The salinity of the Dead Sea apparently changes the buoyant properties of people and such, but I bet it doesn't change the buoyant properties of a helmet full of water even a little bit.
Oh yes it does
The Eureka incident was the realisation that anything will float so long as its volume can displace an amount of water equal to the mass of the object. With regular fresh water, one cubic metre (or meter, for you Americans) weighs one metric tonne. therefore if an object is one cubic metre in size and weighs less than a tonne, it will float.
I don't remember the exact amount that seawater is denser than fresh water (it changes anyway by season and location) but let's say it's 5% denser than fresh water.

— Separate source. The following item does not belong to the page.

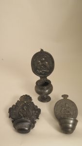 Bénitier à poser, H 22 cm. Large pied rond, court segment mouluré portant la cuvette pansue suivie d’un col rétréci et d’un bord plat. Pas de couvercle. Au grand dosseret ovale une Vierge à l’Enfant, dans une mandorle bordée d’une large frise de feuilles. - Bénitier à suspendre. Cuvette en cône inversé décoré. Sans couvercle. Au dosseret Vierge à l’Enfant : auréoles faites d’un pointillé en relief, cart. avec inscription "IESVS.MARIA" au-dessus des personnages entre 2 têtes d’angelots, mandorle bordée d’une large frise florale. - Bénitier à suspendre. Petite cuvette évasée, à fond convexe. Au dosseret Vierge à l’Enfant encadrée par 2 anges ailés; en haut, large coquille sous laquelle se trouve le trou pour la fixation murale.

Therefore, one cubic metre of water now weighs 1.05 tonnes.
The Dead Sea has denser water still. This is due to intense evaporation, which leaves the minerals behind in solution. If the dead sea is 20% more dense than fresh water, that cubic metre weighs 1.2 tonnes. Because a person's volume doesn't change significantly, he needs to displace less water in the Dead sea than in fresh, and therefore floats higher out of the water than normal.
Exaclty the same principle happens for the helmet. In salt water its volume displaces a greater mass of water so it sinks less quickly. In a super-salty water environment it might even float (yes, unlikely, since you don't get much that is denser than steel or iron, but technically, it's possible if you're trying to float in molten uranium or something (which I'm sure, carries a health warning).
Sorry for the science class, I have a pathological need to educate about sciencey things. It's a curse, really.